[Work instruction]
This calls for a verbatim copy of all the data, with no images carried over.

[Material provided]
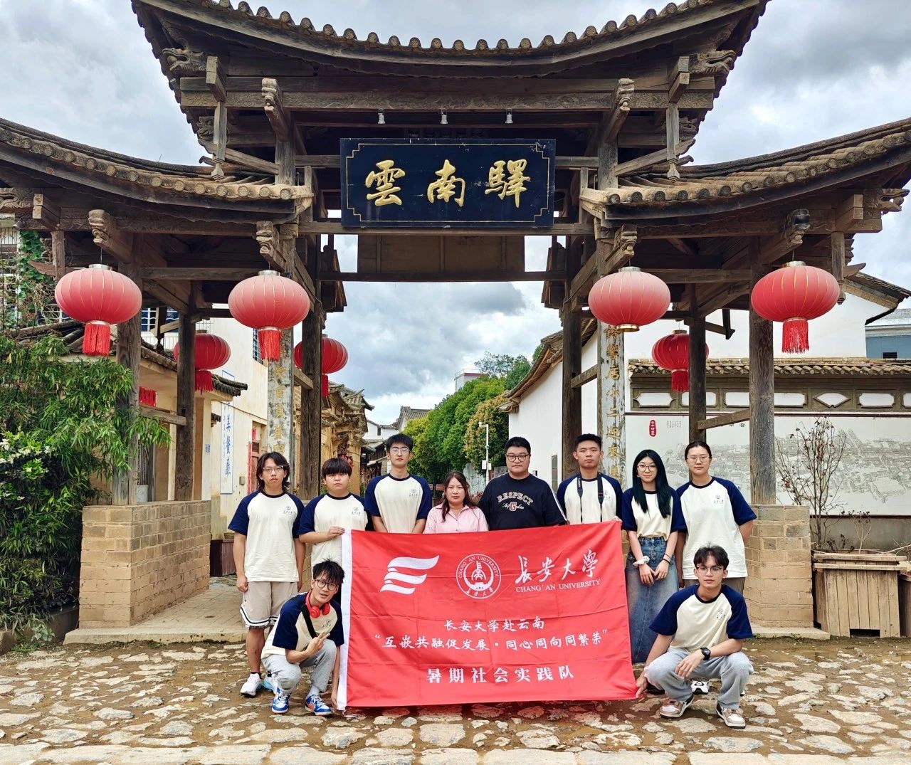 2024年7月17日,qy千亿球友会“互嵌共融促发展·同心同向共繁荣”暑期社会实践队在指导老师刘泽的带领下走进云南驿,走进茶马古道,走进民族融合的悠悠历史。
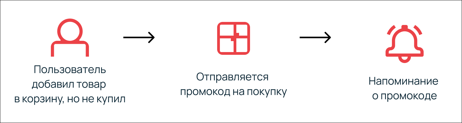 Давайте посмотрим, как работает автоматизированная коммуникация с пользователями после внедрения CRM-маркетинга. Важно понимать, что это только примеры. Вы можете создавать и использовать собственные механики, которые подойдут для решения конкретной задачи.
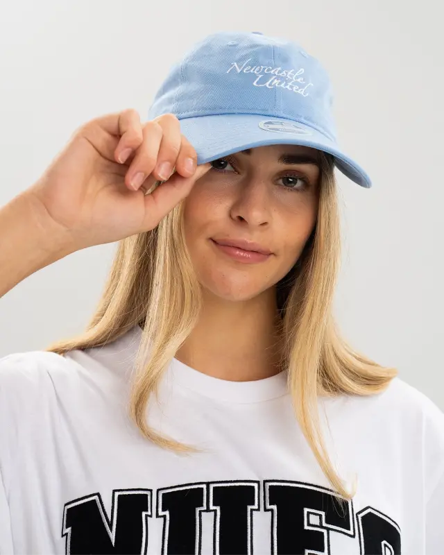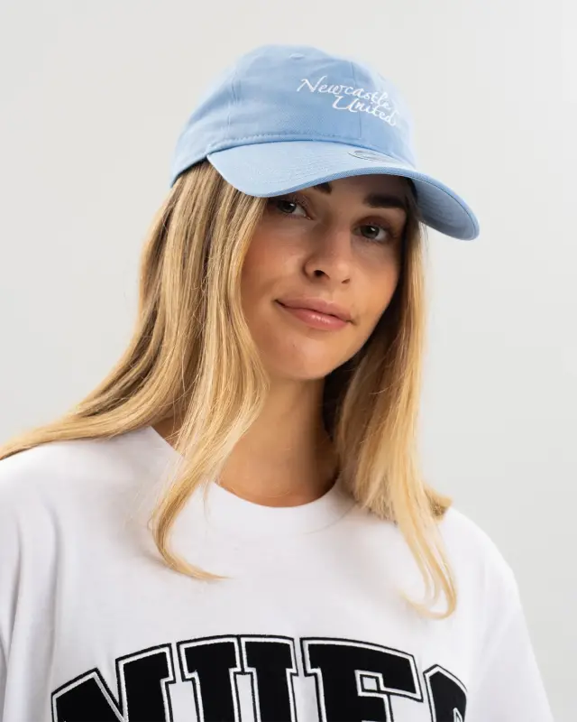 The Newcastle United Women’s Light Blue 9Twenty features cursive “Newcastle United” text on the front, an unstructured crown and a curved visor. With a New Era Flag on the left, and an adjustable back, this cap is perfect for summer walks when out and about.Product Details:
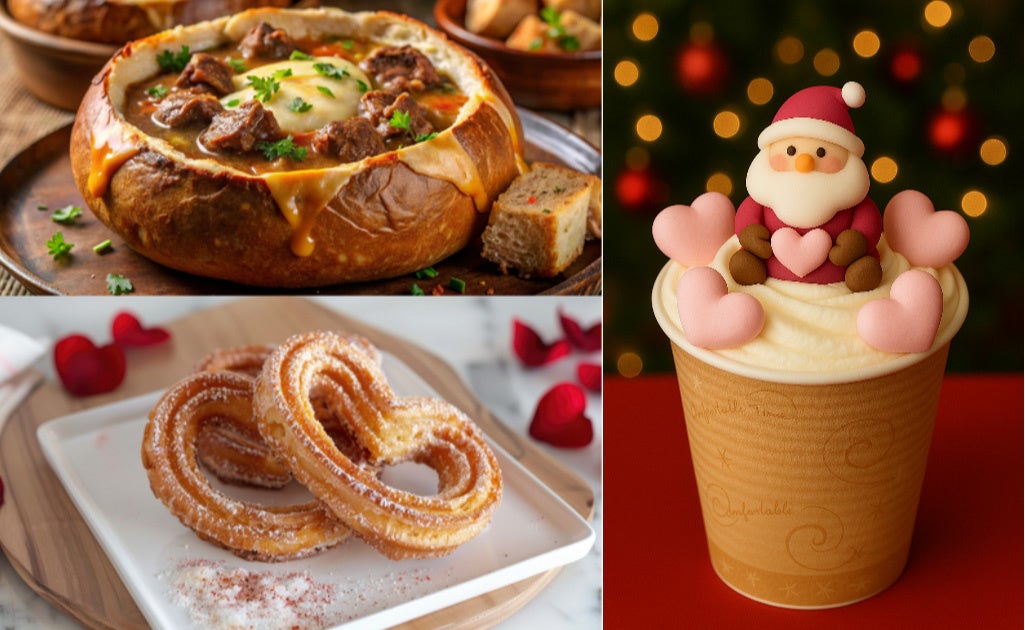 「Hutte Town Area (ヒュッテタウンエリア)」には20店舗が出店し、バラエティ豊かなグルメを提供予定です。中でも注目はクリスマスマーケットの歴史が長いドイツ・フランクフルトの「フランクフルター・シュニッツェル」や、ハート型のチュロス、冷えた体を温めて器まで美味しく食べられるバケットボウルのビーフシチューなど、クリスマスムードを盛り上げるグルメが勢揃いします。また、店舗ごとに個性あふれるクリスマスキャラクターが乗ったココアが登場します。
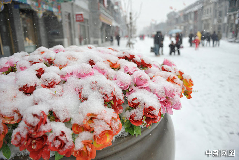 1月3日,北京前門地區(qū)的裝飾花上落滿雪花。中新網(wǎng)記者 金碩 攝

[Exercise solution]
 2024年7月17日,qy千亿球友会“互嵌共融促发展·同心同向共繁荣”暑期社会实践队在指导老师刘泽的带领下走进云南驿,走进茶马古道,走进民族融合的悠悠历史。
 Давайте посмотрим, как работает автоматизированная коммуникация с пользователями после внедрения CRM-маркетинга. Важно понимать, что это только примеры. Вы можете создавать и использовать собственные механики, которые подойдут для решения конкретной задачи.
 The Newcastle United Women’s Light Blue 9Twenty features cursive “Newcastle United” text on the front, an unstructured crown and a curved visor. With a New Era Flag on the left, and an adjustable back, this cap is perfect for summer walks when out and about.Product Details:
 「Hutte Town Area (ヒュッテタウンエリア)」には20店舗が出店し、バラエティ豊かなグルメを提供予定です。中でも注目はクリスマスマーケットの歴史が長いドイツ・フランクフルトの「フランクフルター・シュニッツェル」や、ハート型のチュロス、冷えた体を温めて器まで美味しく食べられるバケットボウルのビーフシチューなど、クリスマスムードを盛り上げるグルメが勢揃いします。また、店舗ごとに個性あふれるクリスマスキャラクターが乗ったココアが登場します。
 1月3日,北京前門地區(qū)的裝飾花上落滿雪花。中新網(wǎng)記者 金碩 攝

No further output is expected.